Many narcissists mock the family of their victims.  They make fun of your family in order to remind you that they are superior to your family.  You would be better off paying attention to your narcissist.  They mock the love and loyalty of family.

But, to be fair, many narcissists feel the same way about their own families.  In fact, some narcissists are cruel toward and distant from their family members.  They hate being reminded that there are people who know some of their secrets, their failings and fears.  They hate the assumption of relationship and rights that family has.  They hate the fact that some people refuse to be twisted by their manipulations.

So what do you do?  The answer again lies in boundaries and the necessity of maintaining a distance between the narcissist and your identity.  Maybe he doesn’t want to go to your parents’ for the holiday.  Go without him.  Maybe your friend does call during the event.  Don’t answer the phone.  Maybe your boss does assign more work that weekend.  Do what you can and don’t do what you can’t.  Stay in charge of who you are.  Don’t even do what I say, just do what you want or need to do.

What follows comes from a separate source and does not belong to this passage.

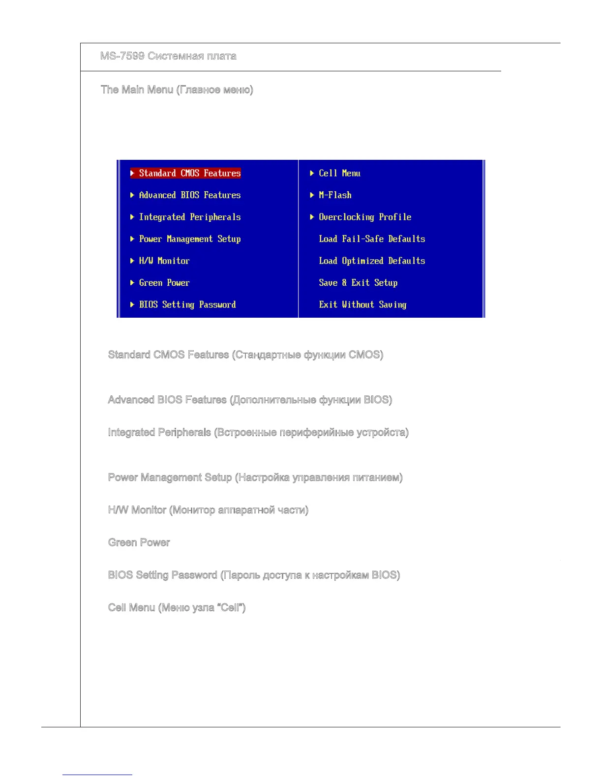 При входе в режим настройки BIOS на экране отображается Главное меню.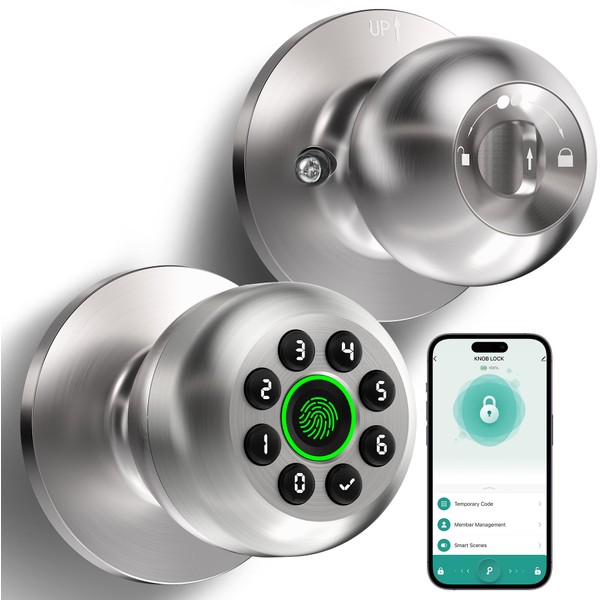 - 4-in-1 Unlocking System: Experience convenience with our smart door knob featuring four unlocking methods: fingerprint recognition (20 users), personalized passwords (20 users), app Bluetooth control (gateway required for remote access), and backup keys. Enjoy automatic locking, passage mode, private mode, and an anti-peep keypad for enhanced security.

And accept the fact that you will pay a price.  The price to maintain close relationships with family and friends will be the narcissist’s anger and manipulations.  Yes, it will hurt sometimes, but you must keep those relationships active.  It is classic behavior for narcissists to separate their victims from the support in their lives.  Your family, however you define it, is your support.  Don’t lose it or you may lose yourself.